The most likely explanation: by reducing alpha, beta, and gamma — the bands most involved in active visual processing — there’s very little visual signal left for the model to decode. Rather than producing a degraded version of the correct image, it loses the content entirely and generates something semantically unconnected.

Confirming the Hypothesis

To test this interpretation, the transformation was reversed — boosting alpha, beta, and gamma while reducing delta and theta — and inference was run again.

Inverse experiment results — Inverse Experiment Inference Results

Ground truths 0 to 3 matched their generated counterparts. Reducing slow waves and amplifying the cognitively-associated bands produced outputs that were structurally coherent with the ground truth images.
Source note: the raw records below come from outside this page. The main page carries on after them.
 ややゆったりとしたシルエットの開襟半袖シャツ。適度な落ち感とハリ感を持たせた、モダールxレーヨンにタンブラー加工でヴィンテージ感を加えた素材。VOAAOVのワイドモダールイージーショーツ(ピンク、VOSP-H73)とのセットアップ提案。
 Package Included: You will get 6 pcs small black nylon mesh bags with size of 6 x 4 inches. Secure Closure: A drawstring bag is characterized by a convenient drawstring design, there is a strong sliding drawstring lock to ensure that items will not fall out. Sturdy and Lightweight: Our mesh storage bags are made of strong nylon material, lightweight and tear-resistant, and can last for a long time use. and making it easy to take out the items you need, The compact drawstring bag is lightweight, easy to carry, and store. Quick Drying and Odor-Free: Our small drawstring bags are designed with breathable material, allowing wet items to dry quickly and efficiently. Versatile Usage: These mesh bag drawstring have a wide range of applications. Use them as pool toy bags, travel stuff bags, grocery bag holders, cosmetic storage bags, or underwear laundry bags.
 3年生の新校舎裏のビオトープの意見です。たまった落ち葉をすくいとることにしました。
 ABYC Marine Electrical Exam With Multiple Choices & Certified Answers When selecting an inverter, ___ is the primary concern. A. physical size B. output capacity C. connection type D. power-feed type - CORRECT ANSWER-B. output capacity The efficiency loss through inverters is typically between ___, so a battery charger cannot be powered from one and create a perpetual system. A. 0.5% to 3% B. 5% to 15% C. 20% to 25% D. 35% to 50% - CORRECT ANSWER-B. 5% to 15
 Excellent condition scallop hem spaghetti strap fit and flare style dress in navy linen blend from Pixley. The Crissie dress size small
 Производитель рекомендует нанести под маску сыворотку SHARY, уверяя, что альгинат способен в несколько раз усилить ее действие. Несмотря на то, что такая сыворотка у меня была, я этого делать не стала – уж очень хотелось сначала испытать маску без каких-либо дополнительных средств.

This confirms that alpha, beta, and gamma are the frequency bands load-bearing for visual reconstruction in SYNAPSE. It also reframes the original result — the AD simulation didn’t fail to produce degraded outputs; it showed what happens when the visual information in the signal is genuinely gone. The suppression of those bands in AD patients isn’t just a biomarker of the disease, it’s actively what removes the visual signal from the EEG.
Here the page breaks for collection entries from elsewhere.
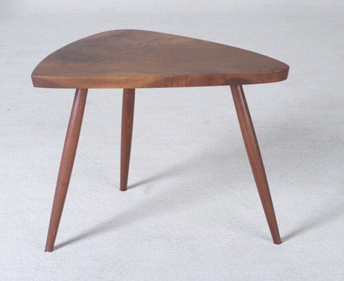 SoldGeorge Nakashima walnut side table circa 1964George Nakashima walnut side table circa 1964, having a triangular top and rising on a tripod base, 20"h x 24"w x 19"d Provenance: Table ordered directly from Nakashima by interior designer for clientSee Sold Price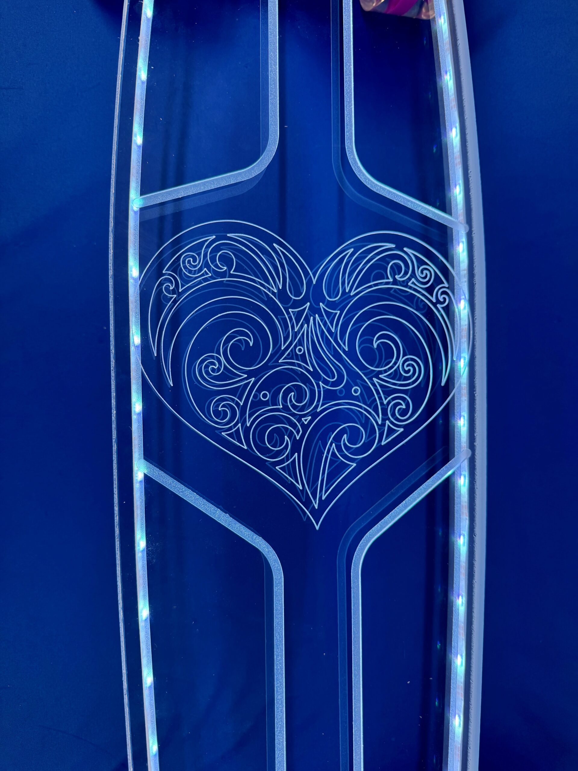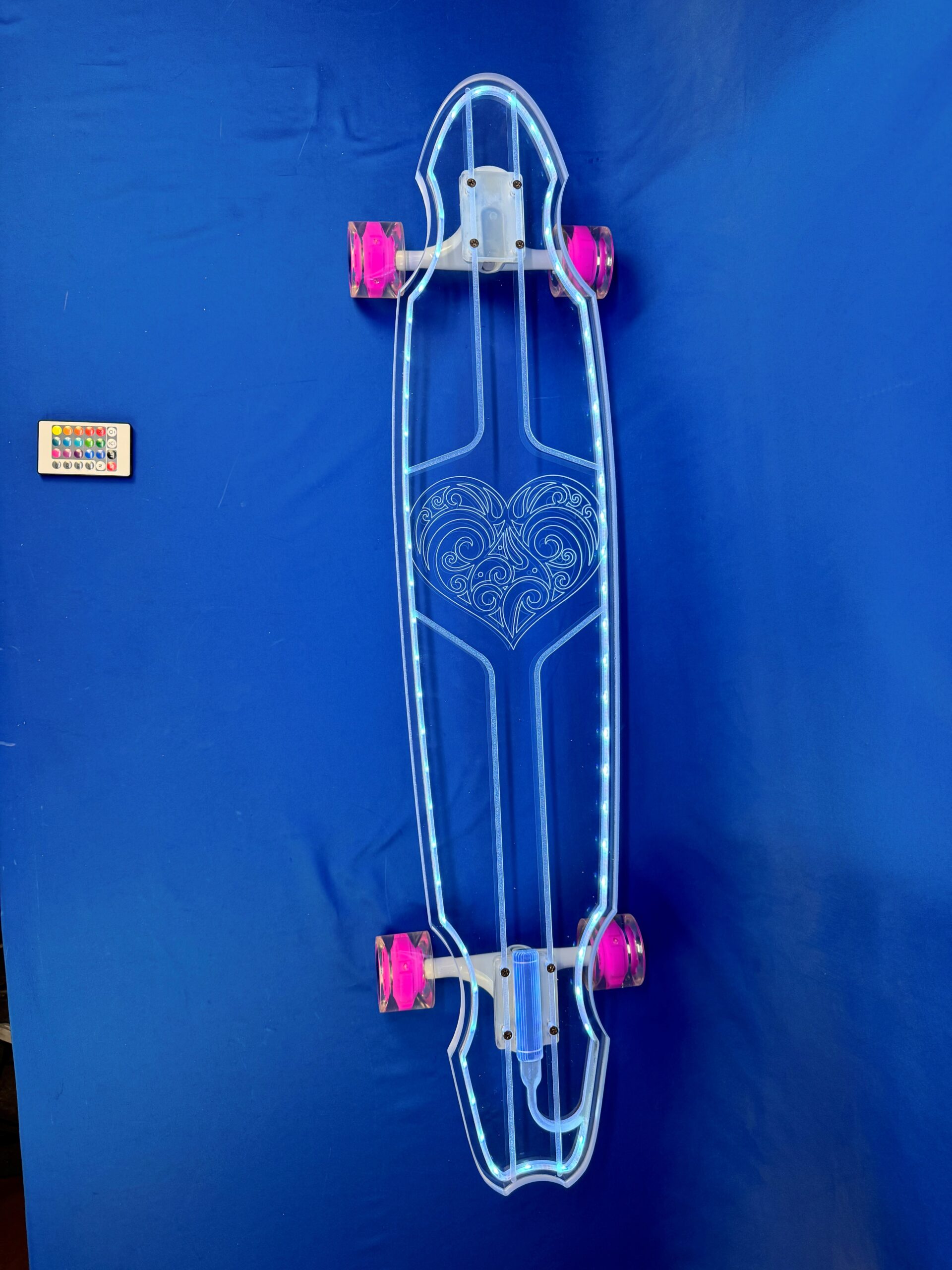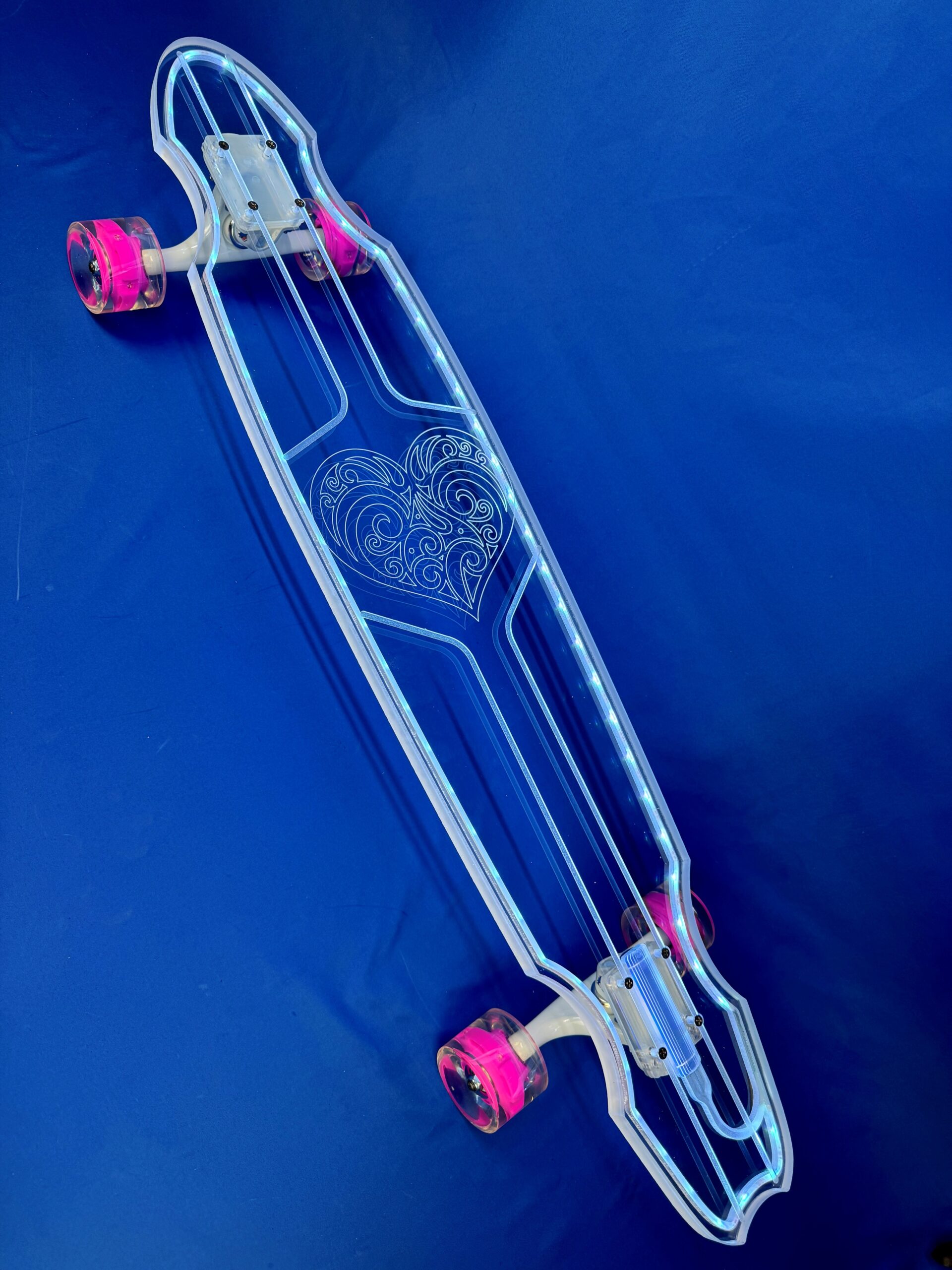Our Electric LED Ghost Heart custom longboard comes with exciting features. For example, it is equipped with LED lights inside the acrylic and a rechargeable battery pack. Additionally, the board includes: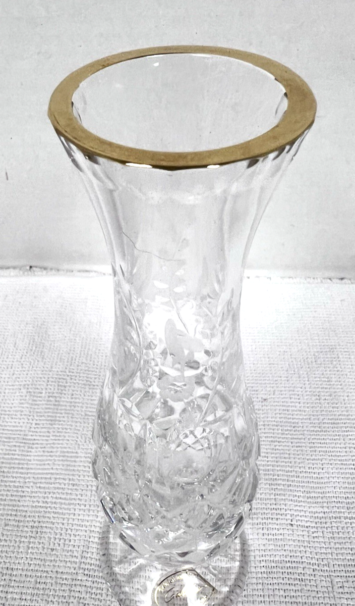 Vintage Rogaska Crystal Gallia Gold Floral Bud Vase Original Sticker Unused

Alternative Datasets for Future Work

The block-design problem with EEGCVPR40 makes it a poor foundation for AD research. Two newer datasets were looked at that address it.

Alljoined1

Designed specifically to fix the block-design flaw. It uses response-locked stimuli with a 300ms SNR-optimised window, so temporal artefacts don’t correlate with labels. 8 subjects, ~10,000 images each across 80 MS-COCO categories, with transparent data quality scores per participant. Five times more images per subject than Brain2Image.

The tradeoffs: 64 channels versus 128, and being relatively new (CVPR 2024) means fewer published baselines to compare against.

Alljoined1.6M

The largest publicly available EEG-to-image dataset. 20 subjects × 4 sessions → 1.6 million trials, 16,740 unique images from the THINGS initiative. Performance scales log-linearly with data volume and hasn’t saturated yet at full size, which is encouraging.
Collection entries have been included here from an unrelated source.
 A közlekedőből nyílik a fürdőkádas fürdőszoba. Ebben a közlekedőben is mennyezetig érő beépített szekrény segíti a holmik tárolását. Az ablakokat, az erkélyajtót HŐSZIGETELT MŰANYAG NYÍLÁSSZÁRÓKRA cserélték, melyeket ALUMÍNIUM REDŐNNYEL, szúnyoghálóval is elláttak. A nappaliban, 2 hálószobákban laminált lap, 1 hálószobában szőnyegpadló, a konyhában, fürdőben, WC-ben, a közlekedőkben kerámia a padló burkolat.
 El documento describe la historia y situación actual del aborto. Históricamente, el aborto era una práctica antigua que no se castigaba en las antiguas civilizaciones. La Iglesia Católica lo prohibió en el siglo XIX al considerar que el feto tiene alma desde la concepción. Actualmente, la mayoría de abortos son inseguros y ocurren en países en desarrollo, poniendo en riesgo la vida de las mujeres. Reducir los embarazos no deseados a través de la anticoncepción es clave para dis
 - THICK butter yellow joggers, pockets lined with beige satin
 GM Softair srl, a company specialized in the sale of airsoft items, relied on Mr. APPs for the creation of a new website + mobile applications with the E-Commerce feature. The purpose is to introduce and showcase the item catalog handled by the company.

The catch is consumer-grade hardware — Emotiv Flex 2 at 32 channels (~$2.2k). The ENIGMA model benchmarked on this dataset shows that the same number of training trials yields lower performance than research-grade 64-channel data. More data, but less signal per trial.

	EEGCVPR40	Alljoined1	Alljoined1.6M
Subjects	6	8	20
Channels	128	64	32
Images	2,000	~10,000	16,740
Block design flaw	Yes	No	No
Best use	Model benchmarking	Clean decoding research	Scale experiments

For AD research, Alljoined1 is the more appropriate starting point — cleaner signals and no artefact contamination, even if it means half the channel count.

Summary

The project confirmed that EEG-to-image models can decode meaningful visual content from brain signals, but the dataset the whole field benchmarks on is fundamentally compromised. More usefully, the inverse experiment gave a clear answer about what actually drives visual reconstruction — the alpha, beta, and gamma bands that Alzheimer’s specifically suppresses.

The real limitation of the work is that we were simulating AD by scaling band power on healthy EEG. The next step would be running SYNAPSE on actual clinical EEG from AD patients - a larger undertaking, but the groundwork for knowing which signals to look for and which framework to use is there.